:: Exercise details ::
Your copy should match the records below word for word and contain no pictures.

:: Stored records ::
○ ○ ○ ○
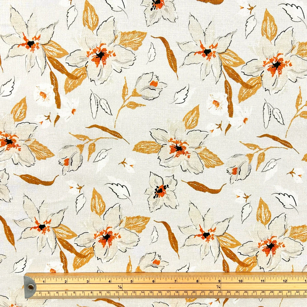 This gorgeous, digitally printed, lightweight fabric is a blend of cotton and natural ramie linen, featuring a flowers and leaves design. This fabric is durable and breathable, making it comfortable to wear. It also has a lovely drape and natural texture.
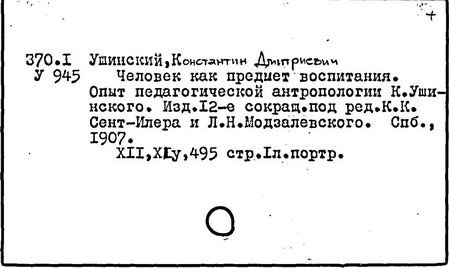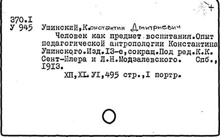 Воспитание Ушинский рассматривал как "создание истории". Предметом воспитания является человек, и если педагогика хочет воспитывать человека во всех отношениях, то она должна прежде узнать его тоже во всех отношениях. Это означало изучение физических и психических особенностей человека, влияний "непреднамеренного воспитания" - общественной среды, "духа времени", его культуры и общественных идеалов. Педагогика, организуя процесс целенаправленного ("преднамеренного") воспитания, использует достижения наук о человеке, которые Ушинский называл "антропологическими", - философии, политэкономии, истории, литературы, психологии, анатомии, физиологии и др. Антропологическая позиция Ушинского в осмыслении физиологических и психических процессов позволила ему решать на высоком научном уровне фундаментальные педагогические проблемы, особенно в области дидактики. Связи с педагогикой наук, в которых изучается природа человека, наиболее полно раскрыты им в капитальном труде "Человек как предмет воспитания. Опыт педагогической антропологии" (1868-1869 гг.).
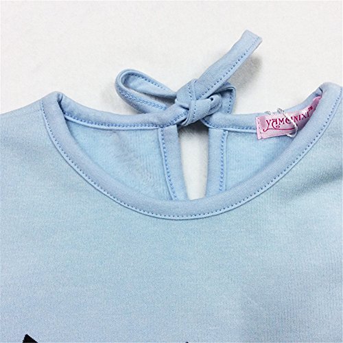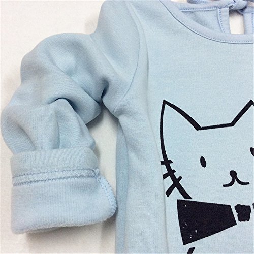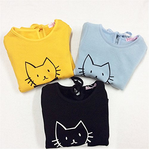 Candykids 女の子 子供 キッズ 用 カットソー 長袖 T シャツ / 猫  長袖 カットソー 女の子 子供服  可愛い猫顔プリント 子供服 女の子服 秋冬服 韓国スタイル (140cm, ブルー)
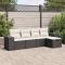 Salon de jardin 5 pcs avec coussins noir résine tresséeCet ensemble de canapés de jardin est le complément parfait de votre arrière-cour, terrasse ou patio, offrant un espace confortable et accueillant pour discuter avec la famille et les amis ou simplement se détendre et profiter de l'extérieur. Matériau durable : la résine tressée, également connue sous le nom de poly rotin, est un matériau synthétique solide et nécessitant peu d'entretien qui ressemble au rotin naturel. Elle est légère, facile à nettoyer et couramment utilisée pour les meubles d'extérieur en raison de sa durabilité et de ses propriétés de résistance aux intempéries.Fonction de rangement avec sac résistant à l'eau : le mobilier de jardin dispose d'un espace de rangement sous l'assise, complété par un sac résistant à l'eau pour ranger coussins, jouets et autres objets. Le sac intérieur peut être solidement fixé au mobilier d'extérieur grâce à des attaches auto-agrippantes pour plus de stabilité.Pouf polyvalent : le tabouret est polyvalent, servant de repose-pieds confortable lorsque vous vous prélassez sur le canapé ou de siège supplémentaire dans votre jardin.Housse amovible et lavable : ces coussins de siège sont dotés de housses amovibles pour un lavage et un entretien faciles.Conception modulaire : cet ensemble de meubles d'extérieur a une conception modulaire, ce qui le rend complètement flexible et facile à déplacer, afin que vous puissiez créer un agencement de meubles d'extérieur personnalisé. Bon à savoir :Pour que vos meubles d'extérieur restent beaux, nous vous recommandons de les protéger avec une housse imperméable.
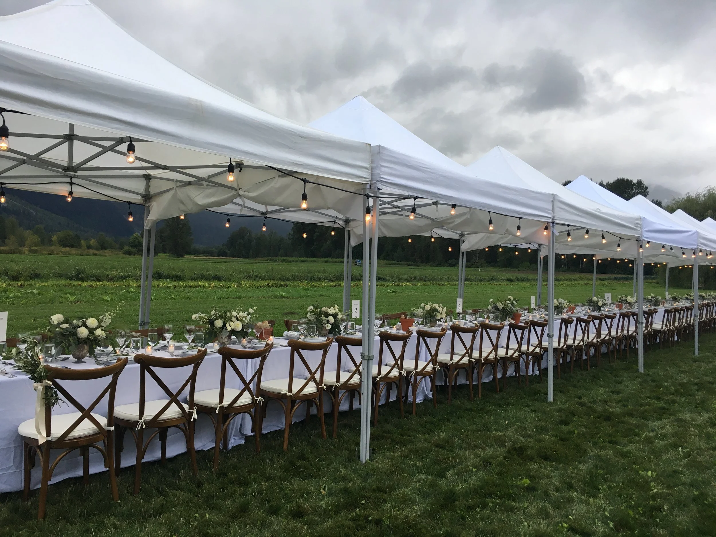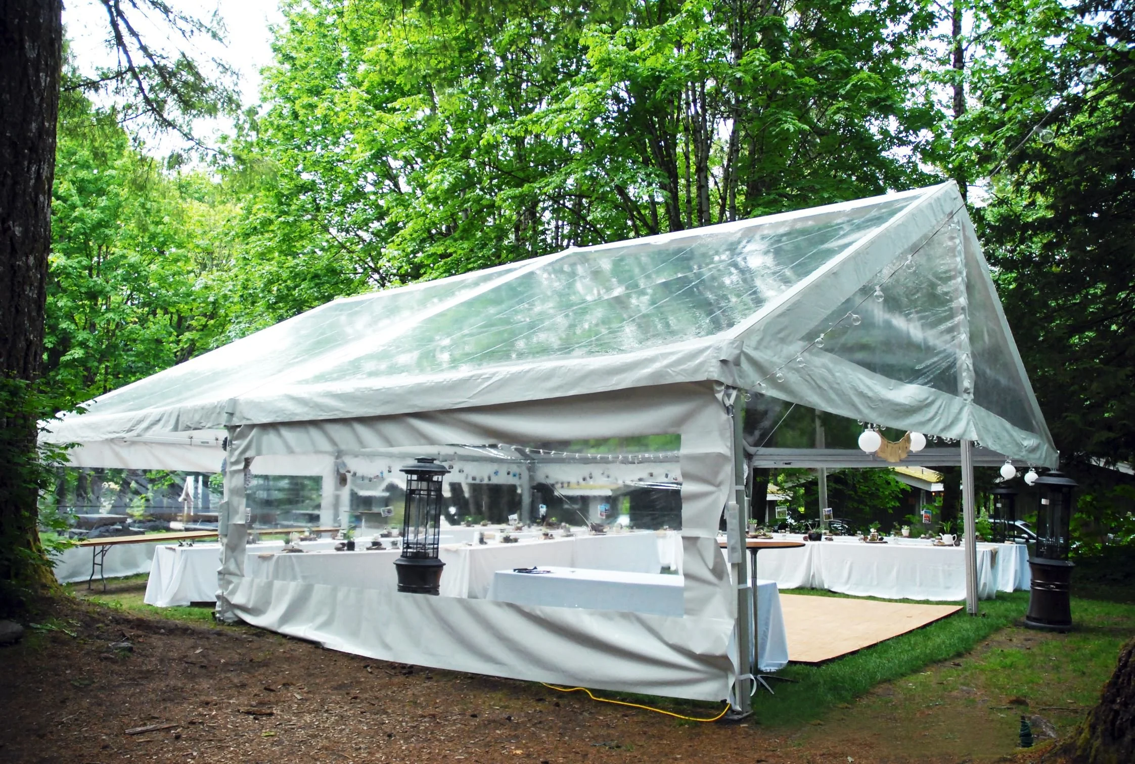 Professional frame tent rental with no center poles, maximizing usable space and allowing secure installation on grass, concrete, or hard surfaces.
○ ○ ○ ○
:: Exercise response ::
 This gorgeous, digitally printed, lightweight fabric is a blend of cotton and natural ramie linen, featuring a flowers and leaves design. This fabric is durable and breathable, making it comfortable to wear. It also has a lovely drape and natural texture.
 Воспитание Ушинский рассматривал как "создание истории". Предметом воспитания является человек, и если педагогика хочет воспитывать человека во всех отношениях, то она должна прежде узнать его тоже во всех отношениях. Это означало изучение физических и психических особенностей человека, влияний "непреднамеренного воспитания" - общественной среды, "духа времени", его культуры и общественных идеалов. Педагогика, организуя процесс целенаправленного ("преднамеренного") воспитания, использует достижения наук о человеке, которые Ушинский называл "антропологическими", - философии, политэкономии, истории, литературы, психологии, анатомии, физиологии и др. Антропологическая позиция Ушинского в осмыслении физиологических и психических процессов позволила ему решать на высоком научном уровне фундаментальные педагогические проблемы, особенно в области дидактики. Связи с педагогикой наук, в которых изучается природа человека, наиболее полно раскрыты им в капитальном труде "Человек как предмет воспитания. Опыт педагогической антропологии" (1868-1869 гг.).
 Candykids 女の子 子供 キッズ 用 カットソー 長袖 T シャツ / 猫  長袖 カットソー 女の子 子供服  可愛い猫顔プリント 子供服 女の子服 秋冬服 韓国スタイル (140cm, ブルー)
 Salon de jardin 5 pcs avec coussins noir résine tresséeCet ensemble de canapés de jardin est le complément parfait de votre arrière-cour, terrasse ou patio, offrant un espace confortable et accueillant pour discuter avec la famille et les amis ou simplement se détendre et profiter de l'extérieur. Matériau durable : la résine tressée, également connue sous le nom de poly rotin, est un matériau synthétique solide et nécessitant peu d'entretien qui ressemble au rotin naturel. Elle est légère, facile à nettoyer et couramment utilisée pour les meubles d'extérieur en raison de sa durabilité et de ses propriétés de résistance aux intempéries.Fonction de rangement avec sac résistant à l'eau : le mobilier de jardin dispose d'un espace de rangement sous l'assise, complété par un sac résistant à l'eau pour ranger coussins, jouets et autres objets. Le sac intérieur peut être solidement fixé au mobilier d'extérieur grâce à des attaches auto-agrippantes pour plus de stabilité.Pouf polyvalent : le tabouret est polyvalent, servant de repose-pieds confortable lorsque vous vous prélassez sur le canapé ou de siège supplémentaire dans votre jardin.Housse amovible et lavable : ces coussins de siège sont dotés de housses amovibles pour un lavage et un entretien faciles.Conception modulaire : cet ensemble de meubles d'extérieur a une conception modulaire, ce qui le rend complètement flexible et facile à déplacer, afin que vous puissiez créer un agencement de meubles d'extérieur personnalisé. Bon à savoir :Pour que vos meubles d'extérieur restent beaux, nous vous recommandons de les protéger avec une housse imperméable.
 Professional frame tent rental with no center poles, maximizing usable space and allowing secure installation on grass, concrete, or hard surfaces.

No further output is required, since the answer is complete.